The great thing about this garment is that there are so many ways of wearing it.  Here are some photos of Laure, one of my lovely clients, who has that je-ne-sais-quoi when it comes to wearing clothes.  She dived into the shop a couple of summers ago, grabbed this dress off the hanger, disappeared into the changing room, reappeared a minute later with it tied like this, and hung around long enough for me to take a few shots.  And she walked out of the door wearing it, the ultimate compliment to the designer.




As a wedding dress:



 Some colour variations:



This dress is so popular, so classically beautiful and so much part of me that I'm not ready to push it out of my collection any time soon.



Monday, 9 September 2013

INSPIRATION (Part 1: fabrics)

I'm often asked "how" I create, where my ideas come from.  You would think they were simple questions to answer, but not so, at least, not for me.

First and foremost it's my fabric selection that inspires me.  I just adore fabric, particularly natural fibres like wool, linen and silk.
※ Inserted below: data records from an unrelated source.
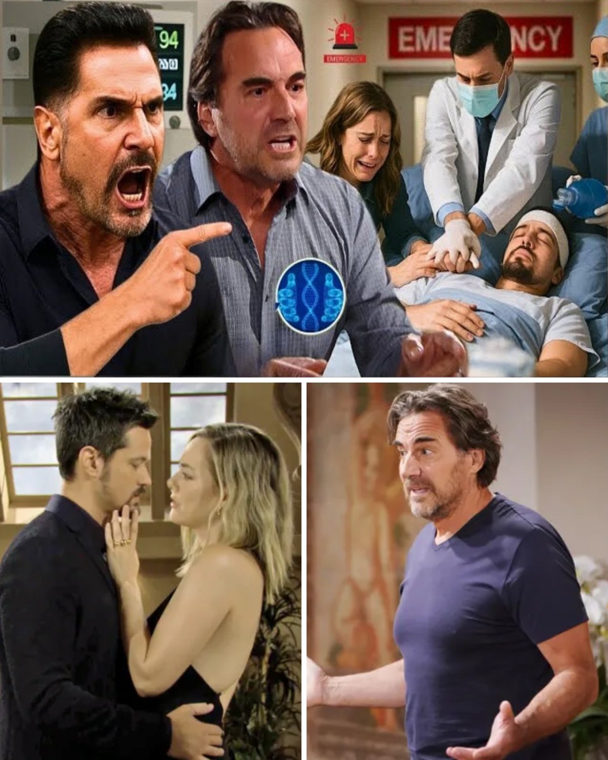 A dramatic confrontation erupted when Thomas, sensing something amiss, demanded the truth from Taylor and Ridge. The fragile peace shattered as Taylor revealed the secret openly. The emotional impact triggered a critical health emergency, forcing doctors to intervene urgently and move Thomas back into intensive care once again.
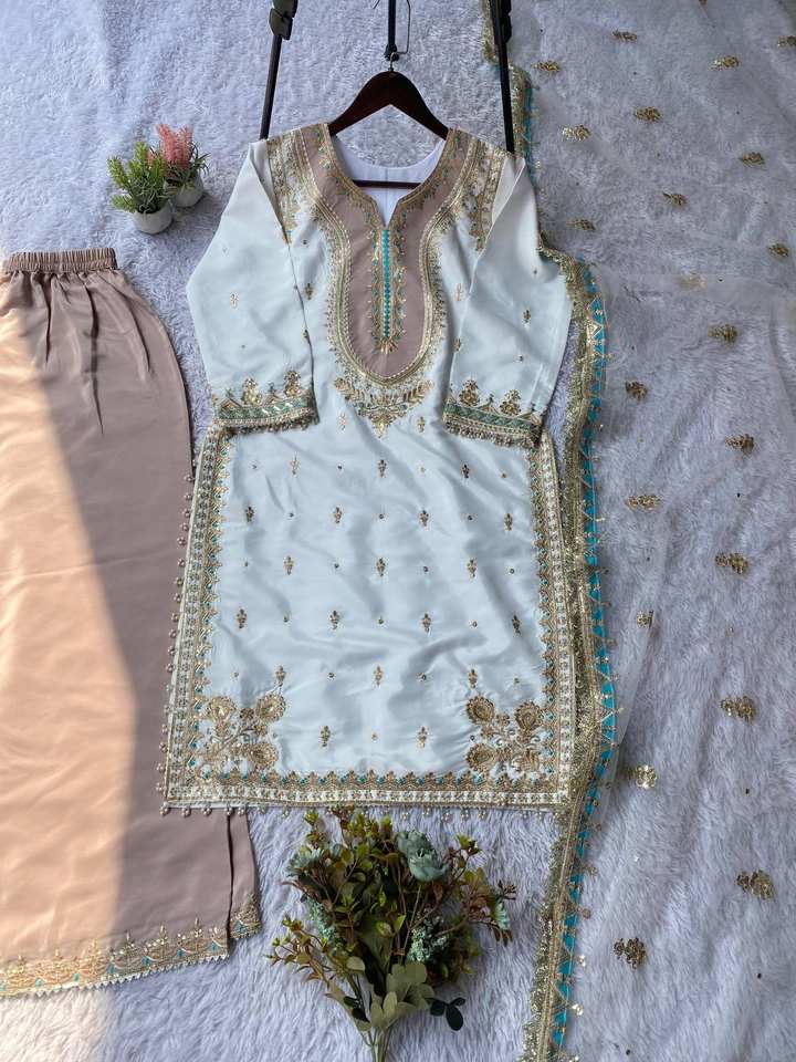 ชุดสัลวาร์ คามีซสีขาวแบบปากีสถาน ปี 2026 ผ้าไหมปักลาย ชุดพื้นเมืองสำหรับผู้หญิง 3 ชิ้น ชุดออกแบบโดยดีไซเนอร์อินเดีย สำหรับงานแต่งงาน งานปาร์ตี้ สไตล์บอลลีวูด
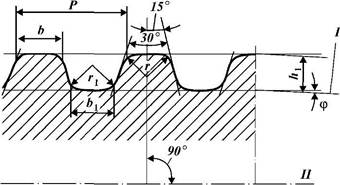 Рис. 11.12. Профиль трапецеидальной резьбы труб типов 3, 4: I - линия, параллельная оси резьбы трубы; II - ось резьбы трубы
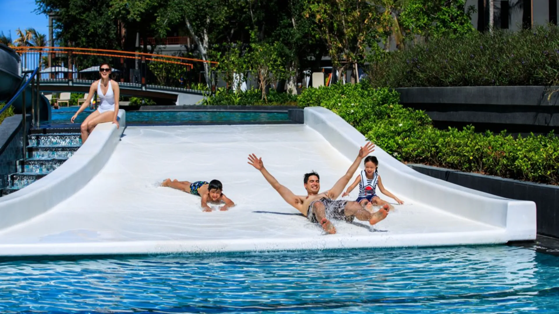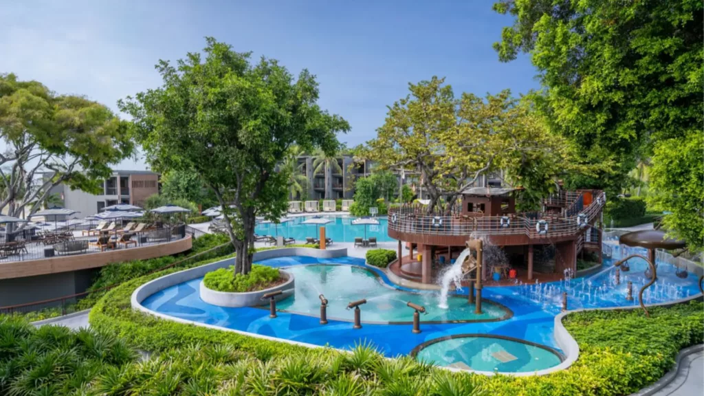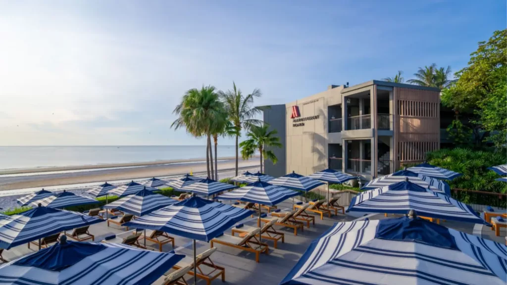 Marriott er til jer der gerne vil bo rigtig godt, med meget højt serviceniveau. I bor i en smuk landskabshave, med lagunen der snor sig gennem resortet, og 5 pools at vælge imellem, den ene forbeholdt voksne gæster. Her er flere restauranter og barer, blandt andet Big Fish Bar der serverer seafood, med udsigt til stranden.

Natural fibres are so wonderful to work with; not necessarily easy, but so satisfying from a finishing point of view. When I visit my two main fabric suppliers it's like being let loose in a michelin star restaurant after a day or two of fasting! I generally have no idea when I go in what my collection will be, colour- or style wise, and I start with a full walk around of the stock to see what they have to offer. Then there's a second tour, where I'll touch the fabrics that appeal to me, and check prices with the supplier. Rolls are pulled out and put on the cutting table, and at the end of that tour the preselection is done.  A little bit of refining (usual financial) and the actual selection is done.

Fabrics for AW13-14

By that stage, the new collection is already forming in my head. My style designing is always inspired directly from a fabric. And it's often the inspiration that just one fabric gives me that sets the whole collection. Imagine the Okavango Delta flooding after the rains;  that arrival of the rains from the top left corner is that one inspirational fabric that gives rise to all the variations that make up the final collection.



The weight and drape of a fabric is crucial in my style choice.  For example, I'm a huge fan of bias cut garments and this needs a fabric with the right weight/density ratio to work well.  I also love sculptural clothing, meaning clothing that almost stands on its own, without a body inside it.  This necessitates a fabric with body and a closer weave.  Of course, this process is done pretty well unconsciously now, having been honed by my 40 years of sewing experience.

My signature bias cut dress on the left and the sculpural jackets on the right.


Then there's texture.  I love mixing textures within a garment; mixing matt and metallic linen within the same dress.

SS13 Collection

Or applying matt hand felted woollen strips to wool & cashmere fabric, that has a lovely satin pile. Then add felt onto the felt strips to get even more texture.  This particular idea in the photo below was a recent solution to a problem caused by a child tearing a couple of the holes, but looks so amazing it's given me lots of ideas for the Winter 2014-15 collection.  It really is true that the best ideas come from mistakes or problem solving.